Roma, 15 gennaio 2016 - “La patente di guida non deve essere ne' rilasciata ne' rinnovata a candidati o conducenti affetti da disturbi del sonno causati da apnee ostruttive notturne che determinano una grave ed incoercibile sonnolenza diurna, con accentuata riduzione delle capacita'dell'attenzione non adeguatamente controllate con le cure prescritte...” Questo, in sostanza, è il nocciolo del decreto legge 22 dicembre 2015 pubblicato in GU n. 9 il 13 gennaio scorso, che, in recepimento della direttiva europea 2014/85/UE, inciderà sostanzialmente sul sistema dei trasporti in Italia, in quanto obbligherà coloro che richiederanno il rilascio di una patente di guida per la prima volta e/o quelli che dovranno rinnovarla, a sottoporsi a test medici sulla presenza della sindrome delle apnee ostruttive del sonno, il cui acronimo universalmente utilizzato è OSAS. Solo la diagnosi di OSAS di grado moderato o grave associata a sonnolenza diurna condiziona temporaneamente l’idoneità psicofisica. L’adeguato trattamento permette innanzitutto di migliorare sensibilmente la sicurezza stradale per l’autista e per terzi nonché la guarigione e l’idoneità alla guida. Il decreto legge rappresenta una prima fondamentale risposta al problema della sonnolenza e ai colpi di sonno alla guida.
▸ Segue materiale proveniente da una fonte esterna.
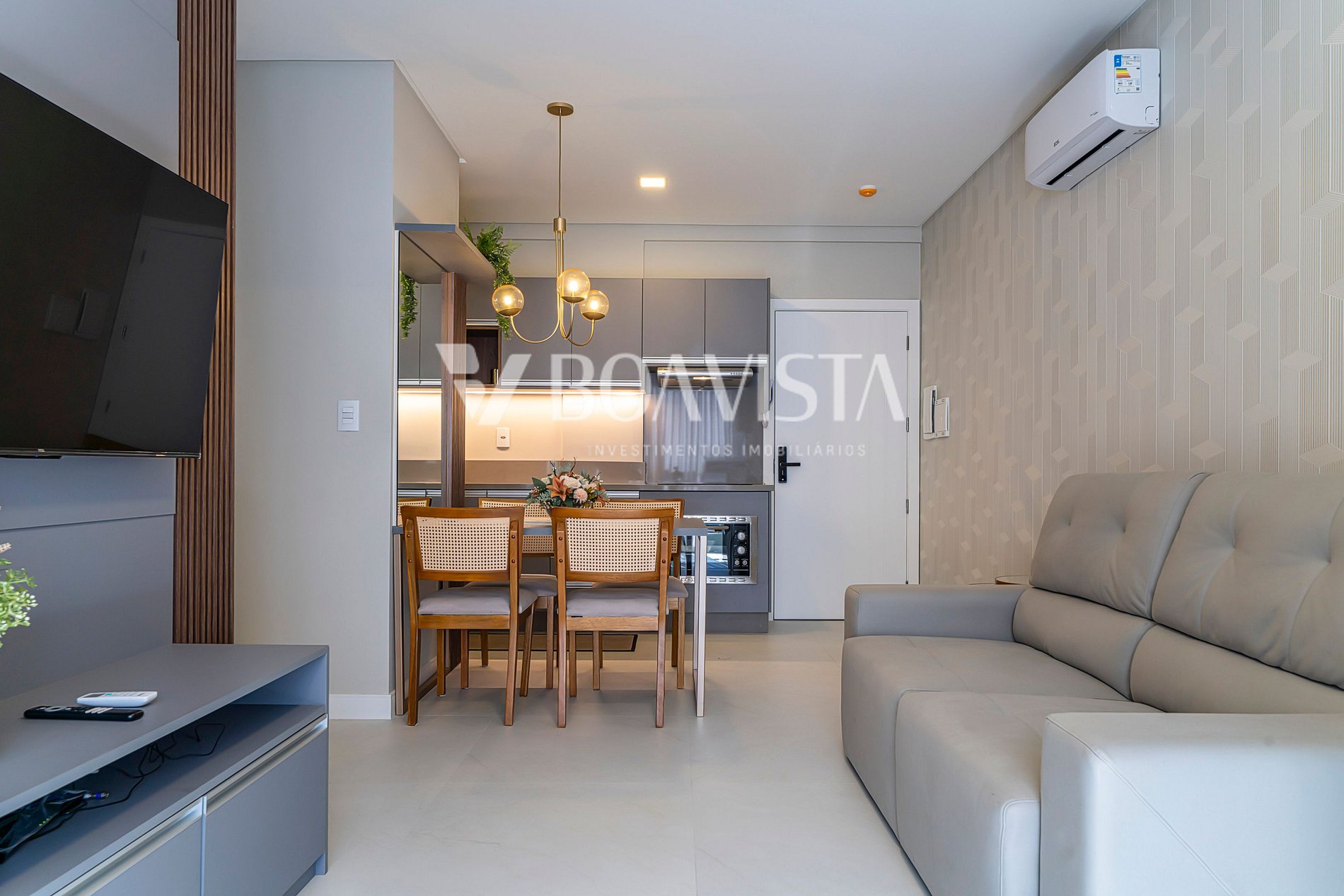 Modern and cozy apartment located in Residencial Sunny Flats, approximately 400 meters from Bombas beach in Bombinhas. It has a beautiful outdoor area with a swimming pool on the terrace, gourmet area, fire pit, games room, and kids' area.

Infatti da una recente ricerca scientifica di una equipe italiana coordinata dal neurologo Dott. Sergio Garbarino , si evince che ogni anno in Italia l’OSAS, provoca oltre 17.300 incidenti stradali , con più di 250 morti e 12.200 feriti, senza dimenticare gli enormi costi socio-sanitari calcolati in circa 1.500.000.000 euro l'anno soltanto per il nostro Paese. “L’OSAS – dichiara il Dott. Sergio Garbarino-rappresenta una patologia largamente diffusa e sottostimata nella popolazione generale, le cui dimensioni possono essere paragonate al diabete. L’elevato impatto socio-sanitario a indotto l’Europa a emanare questa direttiva prontamente recepita dall’Italia grazie al lavoro di due commissioni ministeriali (Ministero Salute e Ministero Infrastrutture e Trasporti) a cui ho partecipato attivamente in collaborazione con altri colleghi esperti di altre discipline. E ’ un passaggio di alto senso civico per migliorare la sicurezza sulle strade e la salute dei cittadini”.
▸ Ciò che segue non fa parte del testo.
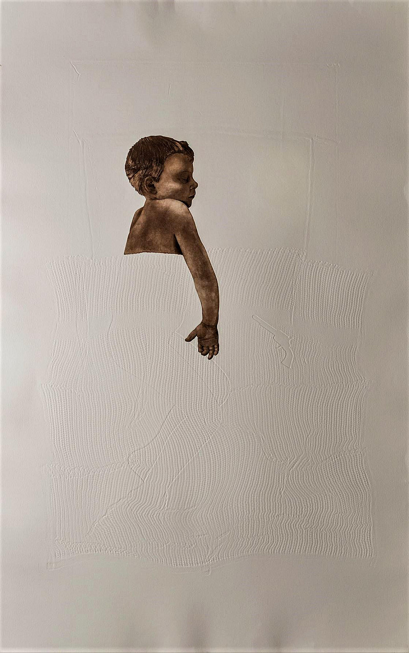 The prints To Sleep and To Dream frame the narrative reference Shakespeare’s Hamlet. In both of these prints the child is covered by a blanket. The crochet blanket evokes a maternal, comforting space. However, if you look closely, inserted within the blanket is an embossed gun. The gun, based on a toy gun belonging to my son deliberately disrupts the image of the innocent sleeping child, and in doing so it anticipates the next phase in his life.
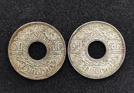 เหรียญเงิน 10 สตางค์ ลายกนก พ.ศ.2484 เนื้อเงิน จำนวน 2 เหรียญ |
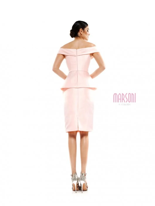 Style MV1059 from Marsoni by Colors is a satin fitted off the shoulder cocktail dress featuring a peplum and beaded details.
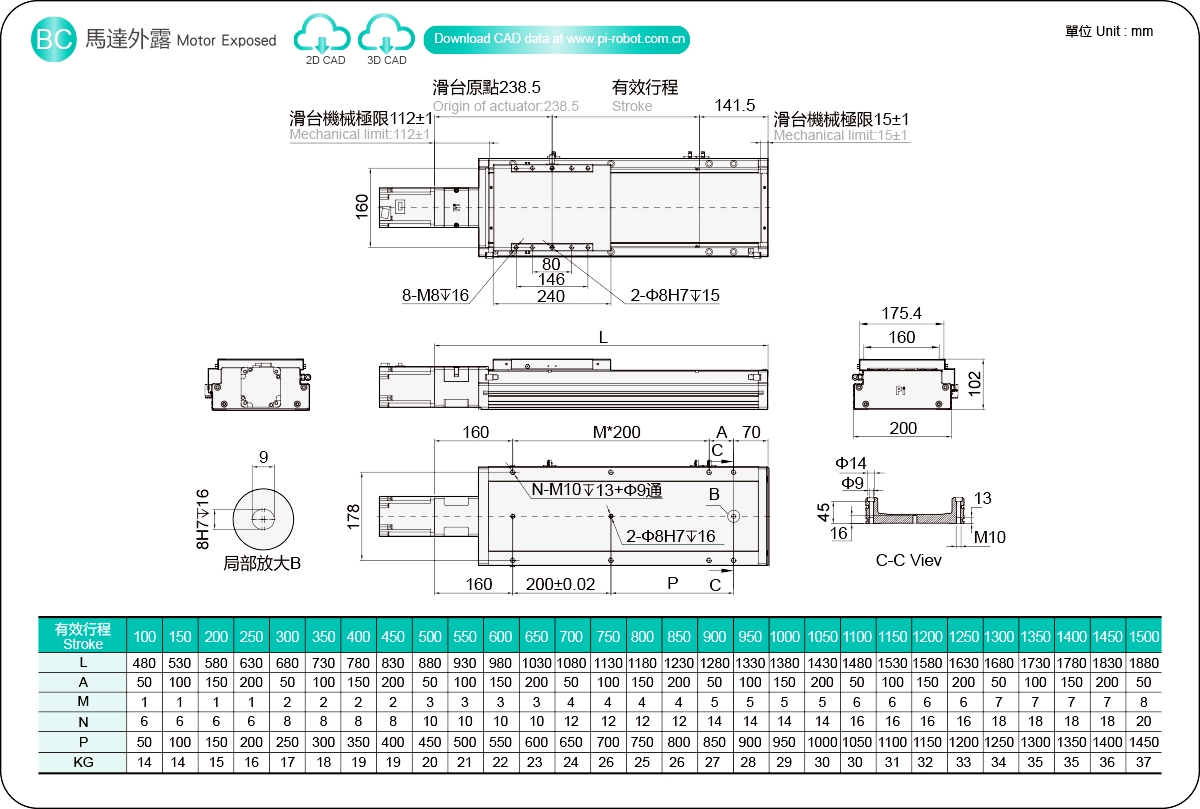 | Kugelgewindetrieb Ø (mm) | C7Ø25 | C7Ø20 | ||||

Poco si parla di questa malattia che è facilmente diagnosticabile e curabile e che ha una prevalenza ed un impatto socio-sanitario simile se non superiore al diabete, con importanti risvolti medico legali e assicurativi. I più recenti dati epidemiologici indicano che l’OSAS di grado moderato e grave ha una diffusione nella popolazione adulta pari a circa il 50% nell’uomo e circa il 23% nella donna. L’OSAS non è solo causa di eccessiva sonnolenza, ma rappresenta anche un fattore di rischio ed è spesso associata alle principali patologie del mondo occidentale, quali obesità, sindrome metabolica e diabete, infarto del miocardio, ictus, fibrillazione atriale, scompenso cardiaco, disturbi cognitivi ed insufficienza respiratoria, che sono le principali cause di morte della nostra società. La diagnosi precoce e l’ottimale trattamento dell’OSAS rendono possibile prevenire la comparsa di tali diverse patologie o di migliorarne il controllo. In altre parole la diagnosi di OSAS rende concreto il miglioramento della qualità e dell’aspettativa di vita dei soggetti che ne sono affetti offrendo loro un reale e percepito guadagno in termini di salute.Tali dati epidemiologici fanno si che i medici ed i ricercatori che da anni si occupano di tale malattia considerino causa di una “epidemia silente”.